Hello Bearded Man. Welcome to PF !

You demonstrated that a triangle with sides of length 8, 15, and 17 is a right triangle.

Let θ be the larger of the two acute angles of such a triangle.

Then cos(θ) = 8/17 and sin(θ) = 15/17

Get the left hand side of your inequality to have a factor of \cos(\theta)\sin(x)+\sin(\theta)\cos(x).

Now that I have cos(x), sin(x), cos(θ), and sin(θ) defined, can't I just do this:
8sin(x) + 15cos(x) ≤ y
64/17 + 225/17 ≤ y
289/17 ≤ y
17 ≤ y

 

[LCKurtz]

Now that I have cos(x), sin(x), cos(θ), and sin(θ) defined, can't I just do this:
8sin(x) + 15cos(x) ≤ y
64/17 + 225/17 ≤ y
289/17 ≤ y
17 ≤ y

You aren't trying to prove $17\le y$. You are trying to prove $8\sin x + 15\cos x \le 17$. Try writing$$
8\sin x + 15\cos x = 17\left( \frac 8 {17}\cos x + \frac{15}{17}\sin x\right )$$and see if you can use the previous hints. Think about an addition formula.

 

[HallsofIvy]

First, I don't see any reason to introduce "y". Second, it is not true that "8 sin(x)= 64/17" and "15 cos(x)= 225/17" which is what you are implying.

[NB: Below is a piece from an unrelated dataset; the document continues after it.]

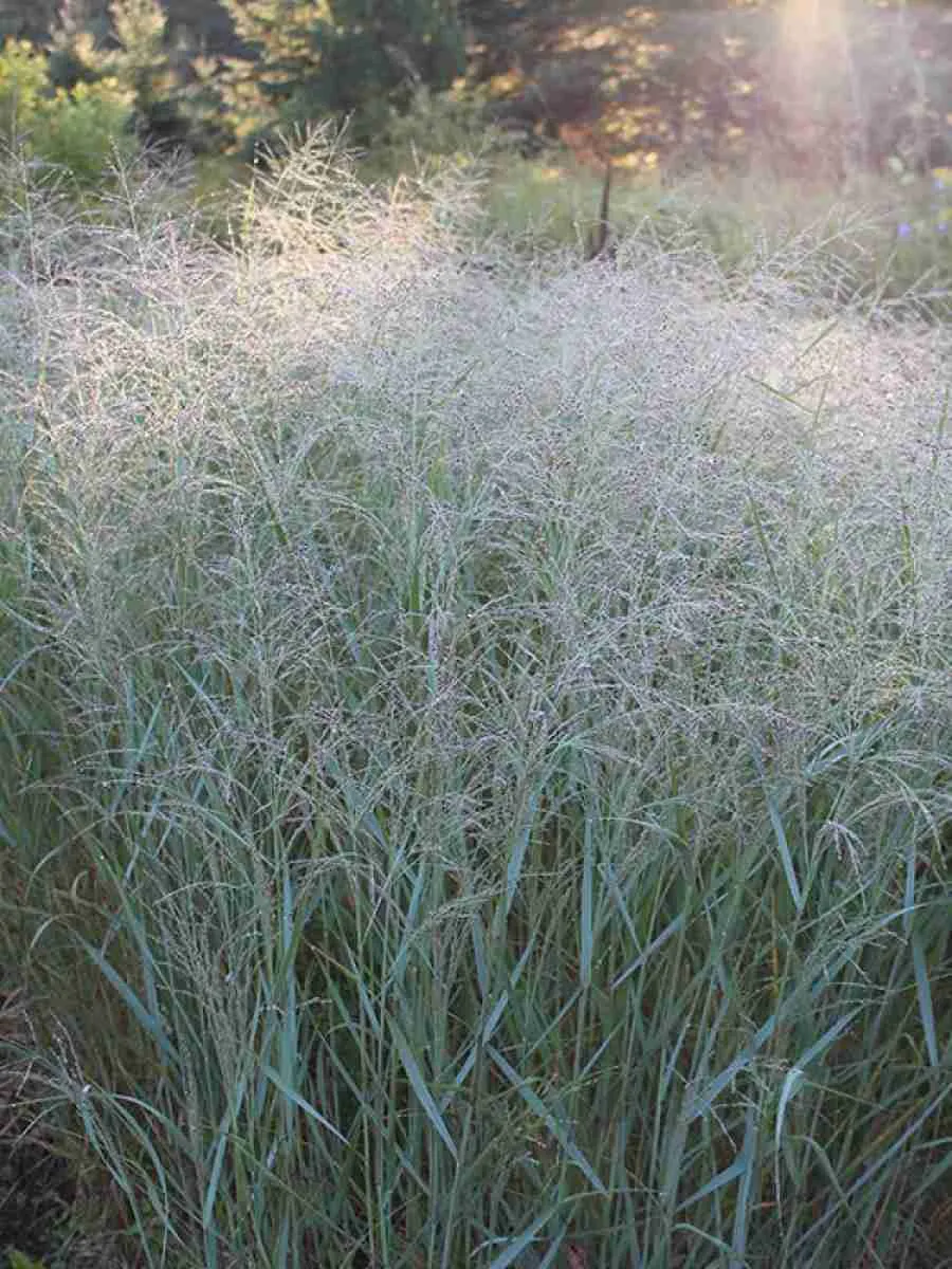Просо прутьевидное (Panicum virgatum L.) — многолетняя травянистая культура, обладающая стройностью и грациозностью высоких злаков. Стебли прямые, крепкие, достигают высоты от одного до двух метров, покрыты нежной зеленовато-голубоватой дымкой, придающей растению особую воздушность и легкость. Листья линейные, узколанцетные, слегка шероховатые, окрашены в серебристый оттенок, который переливается на солнце, создавая впечатление мерцания. Цветки собраны в крупные метельчатые соцветия, состоящие из множества мелких колосков, украшенных золотистыми пыльниками, словно крошечные солнечные зайчики среди зелени. Растение предпочитает плодородные почвы, хорошо освещённые участки, легко адаптируется к различным климатическим условиям, распространено преимущественно в степях и лесостепи Евразии, где образует живописные заросли, привлекающие внимание своей утончённой красотой и благородством форм.

Better assert that sin(x+ y)= sin(x)cos(y)+ cos(x)sin(y) and compare that to 17((8/17) sin(x)+ (15/17)cos(x)). Can you find y so that cos(y)= 8/17 and sin(y)= 15/17? Is so, what does that tell you about 8sin(x)+ 15cos(x)?

 

[Bearded Man]

Of course, how silly of me.

Thank you everyone for the help.

 

[Curious3141]

Homework Statement

Show that 8sinx + 15cosx ≤ 17

Homework Equations

8^2 + 15^2 = 17^2, or (8,15,17) is a Pythagorean triplet
Identities like sin^2x + cos^2x = 1

The Attempt at a Solution

8sinx + 15cosx <= y
square both sides, clean up
64sin^2x + 240sinxcosx + 225cos^2x ≤y^2
substitute sin^2x for 1-cos^2x and likewise for cos^2x, derived from Pythagorean Identity.
289 - 64cos^2x -225sin^2x +240sinxcosx ≤ y^2

I need to show that the trigonometric functions on the left side equal 0, so I can take the square root of both sides and find 17≤ y, but I don't know how to do that. It is also possible that I'm approaching this from the wrong viewpoint.

The simplest approach in these cases is to express a\sin x + b\cos x as R\sin(x + \theta), where R = \sqrt{a^2 + b^2} and tan \theta = \frac{b}{a}.

You can then make the observation that \sin(x+\theta) \leq 1, meaning that the expression has a maximal value of R.